The first roots of May Day are to be found in Australian working people's conditions.
As Rosa Luxemburg put it: "The happy idea of using a proletarian holiday celebration as a means to attain the eight-hour day was first born in Australia. The workers there decided in 1856 to organise a day of complete stoppage together with meetings and entertainment as a demonstration in favour of the eight-hour day."
Thus the demand for a paid holiday and amelioration of working conditions exemplified by the demand for an 8-hour working day are historically interwoven.
Then, working conditions were atrocious and many a worker lost life and limb because of exhaustion and lapse of concentration which, in many cases, resulted in serious physical injury.
Industrial production had imposed objectionable working conditions such as long hours, child labour and a 16-hour working day.
Given this history, May Day therefore reflects the social and economic achievements of the labour movement. In 1817, Robert Owen, a Welsh socialist intellectual and revolutionary, evocatively captured the idea of an eight-hour working day in the slogan: "Eight hours labour, Eight hours recreation, Eight hours rest".
What Owen meant was that the first eight hours of the day were for labour while the second would be for recreational activities such as reading, sports, and so on. The last eight hours would be for rest to replenish energy expended at work.
This was to be an important conceptual framework of how the rights of workers were to be understood. The first eight hours of labour were to be committed to work, this being a drastic reduction from the 16 hours extracted from workers before.
As an international labour practice, the 8-hour working day, adopted throughout the world under the rubric of fair labour practice, has been absorbed in South Africa's democratic dispensation.

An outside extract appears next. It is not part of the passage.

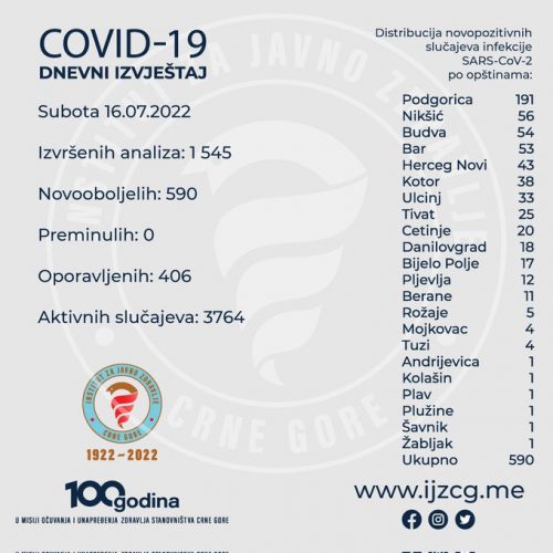 Iz Instituta za javno zdravlje Crne Gore saopšteno je da je registrovano još 590 slučajeva koronavirusa. U posljednja 24 sata nije bilo preminulih od posljedica koronavirusa. Oporavilo se još 406 pacijenata, a trenutno je 3764 oboljelih.

In fact, in South Africa, workers started celebrating this day in 1915 and continued to fight for it to become a paid public holiday. The SA democratic government has since elevated May Day to its rightful national status.
Recognising the exploitation of South African workers, the government has been working for the betterment of workers' conditions since 1994.
Our Constitution guarantees workers rights such as fair labour practice, the right to form and join trade unions, strike and picket, and the right to collective bargaining.
In 1995 the government introduced, among other progressive labour laws, the Labour Rations Act (LRA) which gives rights to all workers, including domestic, farm and public sector workers.
The LRA ensures that workers cannot be dismissed for being members of a union or for legal strike action. It further requires employers to consult on major decisions such as retrenchment. Also, it set up the Commission for Conciliation, Mediation and Arbitration to provide easier and faster dispute settlement.
All of these changes are not an outcome of government "benevolence" but the result of sustained workers' struggles. It is these struggles here and elsewhere in the world that have resulted in improved working conditions protected by progressive labour laws.
As Owen's slogan states, workers need leisure time as much as they need work time. Unfortunately, with the onset of colonialism, the experiences of the working people from developing countries have not changed much. In South Africa under apartheid black workers were exploited at the factory floor and denied social justice outside their places of work.
For instance, the Group Areas Act had located living spaces of black people far away from their places of work, meaning that they had to use most of their leisure time travelling to work.
Many residential areas designated for black people scarcely had amenities for leisure and even fewer had facilities for intellectual stimulation such as libraries.
The rhetorical question that arose out of this situation was: what is the black worker to do with his-her leisure time, in the absence of suitable conditions?
Thus part of challenges government is wrestling with as it transforms our society is to address the basic needs of the poor.
Addressing this historical backlog also happens against the background of globalisation and related economic ills such as the recent global economic recession.
The recession has had a devastating effect on workers all over the world, not least on many South African workers.